Play around with the possibilities of an actual working mono-pole in your own head without preconceptions and you'll see what I mean.

Good times. Good times.
-- 2 fries shy of a happy meal, Nov 03 2018


[2 fries] You didn't happen to dream of the energy/matter play that derived an isolated pole? Mankind would love that kind of heads up. People are already expert at using stuff in new ways.
-- wjt, Nov 03 2018


[2f] Have you heard of a halback array, it makes a strong pole on one side, and minimal magnetism on the other side; so is there a 2D (planar) halback array, and really interestingly, a 3D stacked halbach array, perhaps a little like your pyramids, but optimally some other shape that ///\\\ overlaps or "focuses" the magnetic pole to higher power. Computer modelling of magnets with physics software and genetic algorithms could design this even if it seems a big thing to humans.

Pole pieces designed by a genetic algorithm for the interior of a magnet could be your "bulking agent" that makes magnets more powerful.

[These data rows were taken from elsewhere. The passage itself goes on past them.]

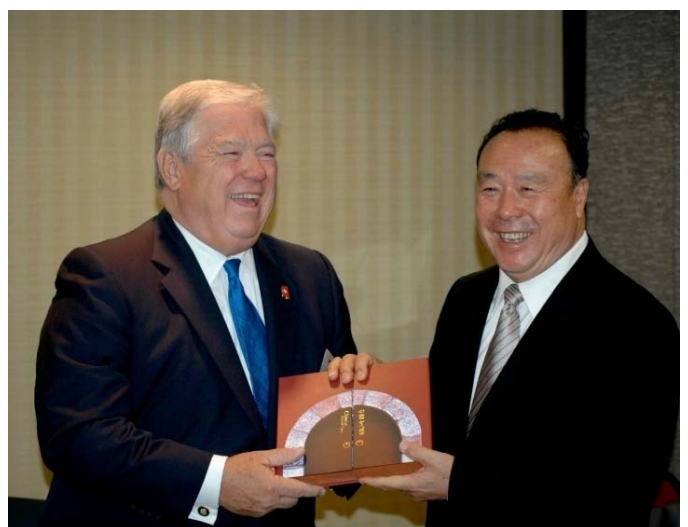
前密西西比州州长、前美国全国共和党主席、前美国共和党州长联合会会长哈雷·巴伯尔先生 (Haley Barbour)与中国政协副主席白立忱先生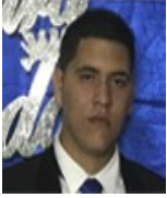
Por: Ariel Zambrana Cubano de a pie

Pinar del Río, (ICLEP). Los pobladores pinareños han mostrado una gran insatisfacción respecto a las nuevas tiendas en Dólar americano por los elevados precios y la desigualdad respecto a los demás puntos de venta de la ciudad.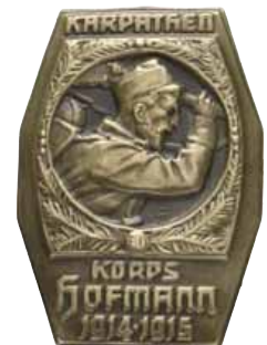
ex 4181 (1:1)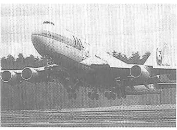
大空へ離陸するジェット機 飛行機の方に機内であつた...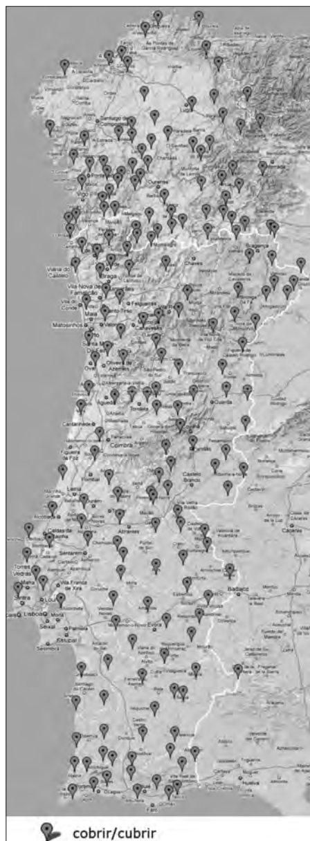
Mapa 8. 'Cubrir'. Formas con destacada presenza nos dous países.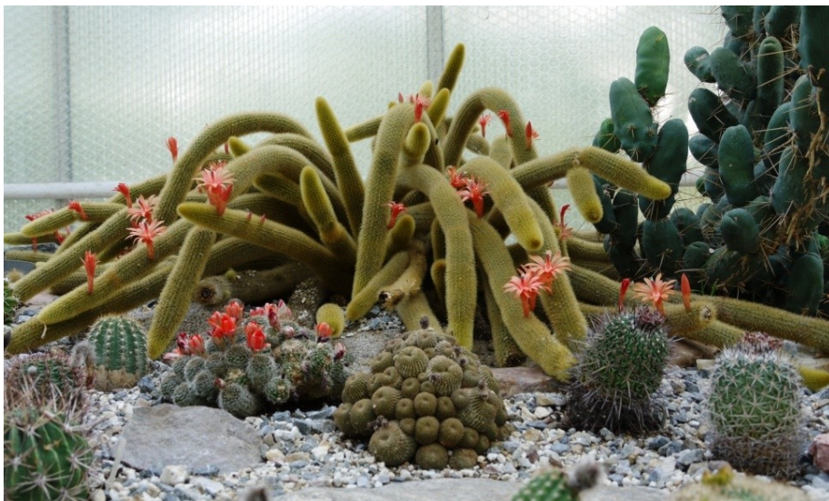
'n groep cactussen in de Jochumhof in Steyl.

De volgende fraaie foto's, gemaakt door Margareth Timmermans , zijn ter illustratie: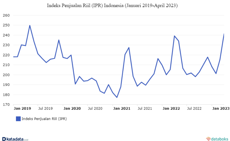
Gambar 1. Indeks Penjualan Ritel

Saat angka Indeks Penjualan Riil (IPR) naik, penjualan riil pedagang retail diasumsikan meningkat, yang mengindikasikan pula adanya kenaikan konsumsi masyarakat. Sebaliknya, jika angka IPR turun, maka penjualan retail dan konsumsi masyarakat dianggap berkurang (Ahdia, 2023)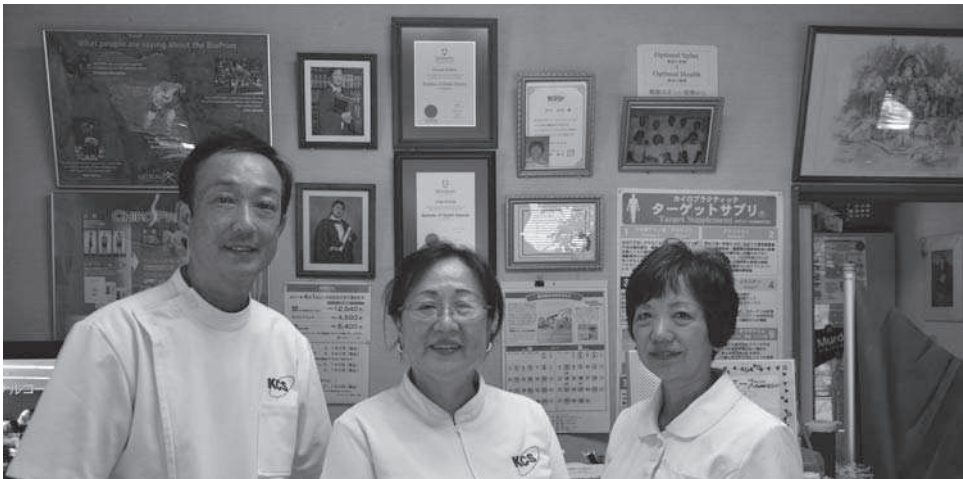
代表の岸田氏（中央）。背後には州立マードック大学の学位記が飾られている。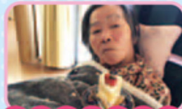
ケーキ美味しかったよ♡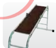
Abb. Best.-Nr. 30300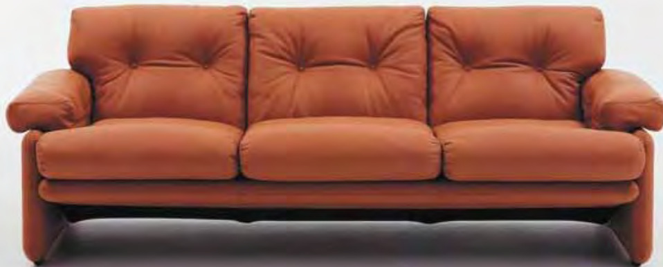
Divano Coronado del 1966 per B&B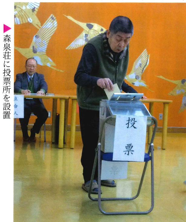
▶森泉荘に投票所を設置

三月はひな祭り行事があり、折り紙で雛人形を作り歌つこを唄いながら楽しみました。 北秋田市市議会議員選挙では思いを込めて投票しました。

[wjt]: pole pieces in the magnet: pole pieces shape magnetic fields, causing local intensification at the pole piece; your optimized magnetic domains could be interspersed with pole piece material (at improved manufacturing) to, just perhaps, cause greater magnetic strength from interdomain communication.

Also, as to super strong magnets consider an image of a bulk magnet slice that looks like a tessellation of hexagons. Using better manufacturing (like IC lithography) replace some of the hexagons with an individually addressable electromagnet, then there is a landscape where with induced electricity some of the magnetic domain hexagon spaces can be 100s or 1000s of times more magnetic when inductive power activates their microelectromagnet; this causes new effects at the magnet, and makes a new kind of MRI (NMR) magnet for scanning. That is a little like making your passive "bulking agents" able to switch between no magnetism and much more than material magnetism amount.